Every line of the records below from the line with "取餐之後,到另一間休憩木屋用" up to and including the line with "La policía recibe" must be reproduced exactly, and no line outside that range.

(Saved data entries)
◇ ◇ ◇ ◇ ◇
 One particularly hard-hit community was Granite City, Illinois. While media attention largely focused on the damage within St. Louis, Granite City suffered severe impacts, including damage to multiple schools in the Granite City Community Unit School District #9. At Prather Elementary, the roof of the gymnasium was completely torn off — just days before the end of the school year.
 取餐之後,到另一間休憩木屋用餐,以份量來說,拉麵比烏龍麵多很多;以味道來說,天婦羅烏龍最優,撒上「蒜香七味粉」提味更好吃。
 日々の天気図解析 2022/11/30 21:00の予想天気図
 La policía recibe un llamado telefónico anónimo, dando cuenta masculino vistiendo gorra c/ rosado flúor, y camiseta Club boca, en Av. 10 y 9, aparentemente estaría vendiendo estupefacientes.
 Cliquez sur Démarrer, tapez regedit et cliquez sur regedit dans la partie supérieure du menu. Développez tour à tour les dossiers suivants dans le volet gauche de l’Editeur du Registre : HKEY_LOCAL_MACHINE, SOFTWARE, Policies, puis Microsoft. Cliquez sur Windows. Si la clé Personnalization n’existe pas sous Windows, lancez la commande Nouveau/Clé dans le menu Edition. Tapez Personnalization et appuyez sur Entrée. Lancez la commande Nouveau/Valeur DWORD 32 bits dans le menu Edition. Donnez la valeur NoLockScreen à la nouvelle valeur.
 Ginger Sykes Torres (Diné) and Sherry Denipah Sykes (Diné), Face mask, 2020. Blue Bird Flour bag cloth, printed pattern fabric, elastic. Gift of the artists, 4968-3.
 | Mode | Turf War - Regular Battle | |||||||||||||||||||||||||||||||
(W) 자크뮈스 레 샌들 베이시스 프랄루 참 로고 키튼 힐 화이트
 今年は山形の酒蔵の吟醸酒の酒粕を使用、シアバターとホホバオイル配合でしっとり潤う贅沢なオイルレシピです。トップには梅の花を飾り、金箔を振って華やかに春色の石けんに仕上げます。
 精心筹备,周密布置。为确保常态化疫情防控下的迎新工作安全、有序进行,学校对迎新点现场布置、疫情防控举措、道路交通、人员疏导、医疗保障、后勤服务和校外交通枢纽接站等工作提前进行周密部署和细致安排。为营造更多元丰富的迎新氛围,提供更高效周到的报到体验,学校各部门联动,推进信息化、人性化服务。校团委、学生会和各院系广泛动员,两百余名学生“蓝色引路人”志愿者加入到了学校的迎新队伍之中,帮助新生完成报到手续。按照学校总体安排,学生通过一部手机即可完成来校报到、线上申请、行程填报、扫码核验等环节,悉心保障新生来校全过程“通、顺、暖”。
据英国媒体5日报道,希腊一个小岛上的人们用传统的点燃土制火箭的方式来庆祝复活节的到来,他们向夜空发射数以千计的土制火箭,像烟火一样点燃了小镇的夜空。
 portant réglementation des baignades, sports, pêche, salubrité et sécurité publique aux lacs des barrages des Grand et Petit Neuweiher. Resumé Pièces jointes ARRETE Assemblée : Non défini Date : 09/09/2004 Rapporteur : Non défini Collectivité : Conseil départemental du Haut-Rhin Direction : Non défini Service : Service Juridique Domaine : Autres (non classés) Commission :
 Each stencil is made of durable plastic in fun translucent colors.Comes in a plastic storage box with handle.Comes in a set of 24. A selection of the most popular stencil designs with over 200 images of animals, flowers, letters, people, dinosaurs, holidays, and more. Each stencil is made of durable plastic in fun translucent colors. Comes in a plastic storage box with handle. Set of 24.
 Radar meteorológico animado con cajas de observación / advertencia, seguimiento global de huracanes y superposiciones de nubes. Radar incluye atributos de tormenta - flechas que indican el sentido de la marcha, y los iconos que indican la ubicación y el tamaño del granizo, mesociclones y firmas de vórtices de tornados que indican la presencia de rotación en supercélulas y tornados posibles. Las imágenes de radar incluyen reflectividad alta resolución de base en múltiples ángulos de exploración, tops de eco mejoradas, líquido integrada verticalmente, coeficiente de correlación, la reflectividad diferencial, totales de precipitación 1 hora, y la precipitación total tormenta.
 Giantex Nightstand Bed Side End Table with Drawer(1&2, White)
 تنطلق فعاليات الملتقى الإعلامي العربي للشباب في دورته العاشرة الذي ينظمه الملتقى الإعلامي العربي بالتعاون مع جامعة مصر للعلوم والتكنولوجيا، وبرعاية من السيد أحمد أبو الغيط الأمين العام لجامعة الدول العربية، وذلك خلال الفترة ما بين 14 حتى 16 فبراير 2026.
◇ ◇ ◇ ◇ ◇
#### Worked solution:
 取餐之後,到另一間休憩木屋用餐,以份量來說,拉麵比烏龍麵多很多;以味道來說,天婦羅烏龍最優,撒上「蒜香七味粉」提味更好吃。
 日々の天気図解析 2022/11/30 21:00の予想天気図
 La policía recibe un llamado telefónico anónimo, dando cuenta masculino vistiendo gorra c/ rosado flúor, y camiseta Club boca, en Av. 10 y 9, aparentemente estaría vendiendo estupefacientes.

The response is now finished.